Is it possible to execute temporal workflow using HTTP REST calls

Hi Team,

Currently we are using the Temporal DotNet SDK for all the temporal communication but now we are exploring the Nexus service, so we are pretty much new here and under impression that we can replace our SDK implementation with the Nexus service we could be entirely wrong just got confused with the documents so thought to confirm it.

So first question is can we start/update workflow using the HTTP REST calls, we started working with the nexus service and created endpoint which is working fine when using Nexus client within another workflow but is there any way to execute workflow using the HTTP call or is there any way I can inject the Nexus client similar way we inject ITemporalClient.

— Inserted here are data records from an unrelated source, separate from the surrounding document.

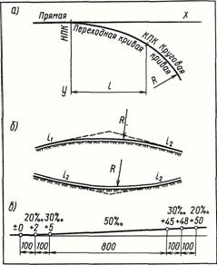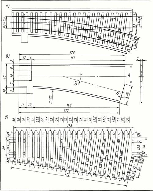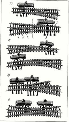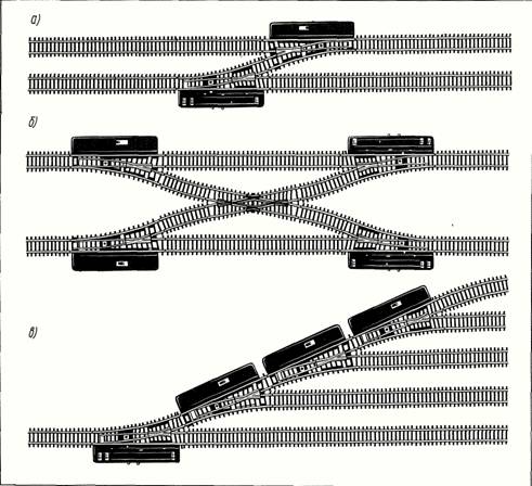 Следует учесть, что на макетах, где будут двигаться локомотивы с большей жёсткой базой (пять и более осей в одной раме) и поезда большой длины (40 — 50 вагонов), во избежание схода подвижного состава с рельсов минимальные радиусы кривых следует увеличивать в 1,5 — 2 раза, а сопряжение кривых участков пути с прямыми для облегчения плавного вписывания подвижного состава необходимо осуществлять при помощи переходных кривых, радиус которых постепенно уменьшается от бесконечности до величины радиуса кривой (рис. 47, a). Ось переходной кривой можно построить, пользуясь уравнением кубической параболы: где С — коэффициент пропорциональности, называемый параметром, переходной кривой; C = Rl; при этом l ? R. Рис. 47. Элементы плана и профиля железнодорожного пути: а — схема переходной кривой; НПК — начало переходной кривой; КПК — конец переходной кривой; б — сопряжение элементов профиля; в — профиль наклонного участка Переходные кривые можно сделать из готовых рельсовых звеньев, если их шпальные решётки изготовлены из эластичной пластмассы. Для этого на шпальной решётке разрезают междушпальные крепления под наружной рельсовой нитью и скреплённые между собой звенья изгибают по шаблону, сделанному из фанеры или органического стекла толщиной 2 — 3 мм. При изготовлении шаблона на плоскости заготовки вычерчивают линию, соответствующую изгибу внутренней рельсовой нити, и по этой линии вырезают шаблон. Использование шаблонов из органического стекла, на которых нанесены оси прямых, кривых и стрелочных переводов, длина стандартных звеньев и др,, можно рекомендовать для вычерчивания всей рельсовой схемы макета. Продольный профиль пути состоит из плавно соединенных между собой отрезков различной крутизны. Крутизна наклона профиля пути характеризуется уклоном, представляющим отношение разности высот точек h, и расстоянием между ними l Уклоны пути i обозначают числовым значением со знаком ‰, например i = 5‰ (пять тысячных) или десятичной дробью — 0,005. В зависимости от направления движения поезда наклонный участок будет подъёмом или спуском. Наибольший уклон пути на модельной железной дороге рекомендуется принимать не более 50‰, так как при большей крутизне наклонного участка возникает опасность схода поезда с рельсов, а при движении на подъём — большое сопротивление движению. Во избежание самопроизвольного расцепления вагонов и схода поезда с рельсов на макете не допускаются переломы профиля пути. Сопрягаемые элементы профиля (подъёмы и спуски) соединяют круговыми кривыми, а при малой разности сопрягаемых элементов устраивают горизонтальные площадки (рис. 47, б). Устройство прямых на горизонтальных площадках обязательно между сопряжениями спусков (подъёмов) с кривыми участками пути в горизонтальной плоскости. Горизонтальные участки пути — площадки — соединяют с наклонными участками отрезками меньшей крутизны или круговыми кривыми (рис. 47, в). Для правильного сопряжения элементов профиля укладку путей проверяют шаблонами. 3. Конструкция стрелочных переводов Стрелочные переводы в зависимости от назначения и конструкции подразделяют на одиночные, двойные и перекрёстные. Одиночные стрелочные переводы (рис. 48, а) служат для соединения двух путей; они могут быть право- или левосторонними и применяют их при отклонении бокового пути от прямого в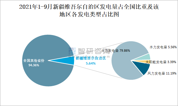 2021年1-9月新疆維吾爾自治區發電量占全國比重及該地區各發電類型占比圖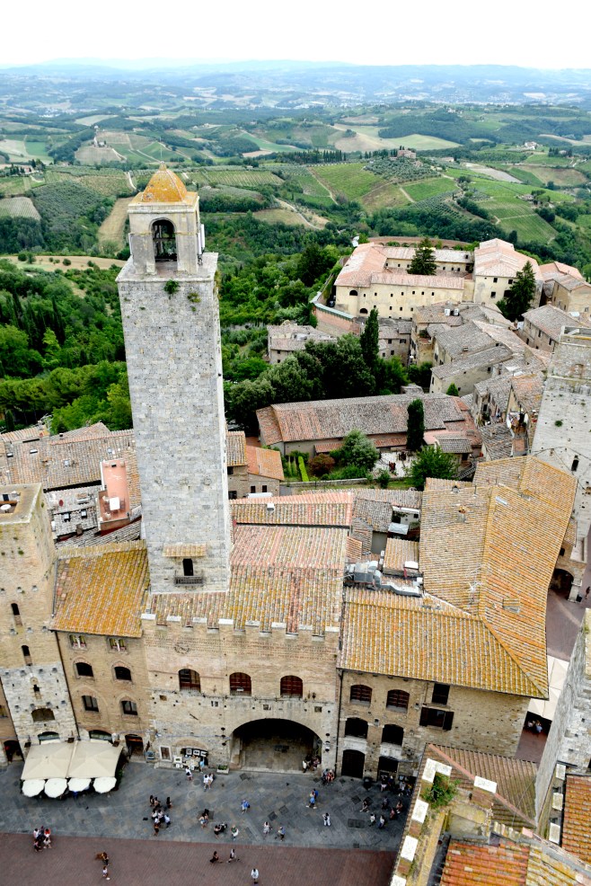 de la torre grossa, la plus haute (54 m), comme son nom l’indique, on a une vue spectaculaire sur le palazzo del podestà et sa torre rognosa (52 m)…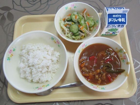 25日の夕方の空です。青空は見えますが、雨雲もあって時々激しい雨も降りました。夷守岳の方は雲がかかっていて、まったく見えませんでした。給食は夏野菜カレーでした。野菜がたくさん入っていて、とてもおいしかったです(^_^)v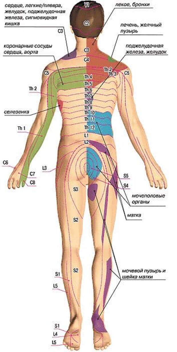 Стимуляция ТТ инициирует болевые проявления несегментарного характера в отдаленных, но характерных от нее зонах: «характерный рисунок» (паттерн) боли. Следует помнить, что ТТ являются патогномоничным признаком миофасциального болевого синдрома МФБС).
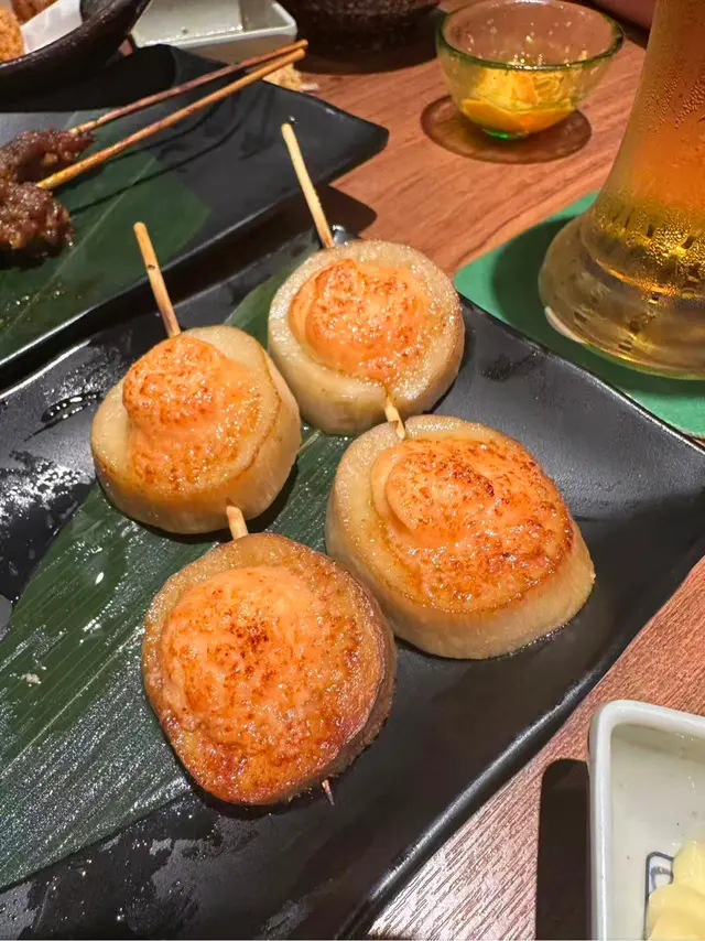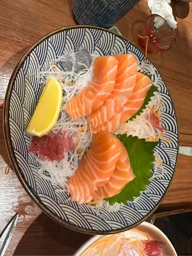 觀塘寶藏小店!openrice上面搜到看到環境似乎不錯適合小酌,周邊的隱藏小店都在工業大廈裡面,這個在馬路邊,地方好找不隱蔽。主要酒店對面就可以直接看到,不需要google map. 位置滿分!由於想要喝酒所以點了一些串燒加炸物,上菜之後很驚喜,比我預想的要漂亮的多!強烈推薦的是這個三文魚刺身,好久好久沒吃到性價比這麼高的刺身了!肉質肥美,入口即化,店員推薦我們可以試試三文魚腩,後來加多了一份,果然沒失望,有種吃到嘴巴裡奶油炸開的絲滑感,給他個好評!沒有推薦錯!三文魚愛好者狂喜!!(太好吃了導致沒拍上照可惜了)天婦羅炸蝦跟在日本吃到的沒有太大的區別,可以看得出師傅很用心了。比較意外的還是這個雞腿菇串燒,人怎麼可以聰明成這樣,完完全全把菇的汁水鎖在裡面,上面的醬汁又能完美的覆蓋整個食材的味道。這個我也很愛!其它串燒也很下酒,一口酒一口肉的感覺真的爽爆了,下次有機會再來試試他們的烏冬,買單時店員告訴我他們的烏冬很不錯,下次有機會再試試查看更多

So far we managed to get the Nexus endpoint details using below REST call and nothing more than that, we found couple more endpoint suggestion but all those are returning either 404 or "message": "invalid request method: expected GET, got \"POST\"". If you can help me to understand Nexus service because at this point we come to the conclusion we can’t use Nexus for HTTP operations it only allows or expose nexus client in the Workflow definition only. If it does support this please redirect me to the document and I will take a look.

Working Nexus GET endpoint, which is returns endpoint details - /api/v1/nexus/endpoints/{EndpointIdHere}

Not working Nexus POST endpoint, it always return invalid request - nexus/endpoints/{NexusEndpointId}/services/{ServiceName}/operations/{OperationName}

Thank you in advance!

Anyone from Temporal team can help on this, it would be great to speed up our nexus implementation, if it’s not what we are thinking or expecting then we can de-prioritize it for next phase.

@Chad_Retz Sorry tagging you here, but not sure if you can help me or not.

Hi @maheshmore,

The self-hosted version of Temporal supports this HTTP API as specified here: api/SPEC.md at 494165f890be9418c67dfce9c138694fe5c27855 · nexus-rpc/api · GitHub.

That being said, we currently consider these endpoints to be experimental and are meant to be used for server→server communication. These endpoints are not exposed in Temporal Cloud either so I wouldn’t count on using them for production use cases.

We have plans for building an HTTP connector for Nexus that integrates better with the Temporal auth model but that’s probably a few months away still.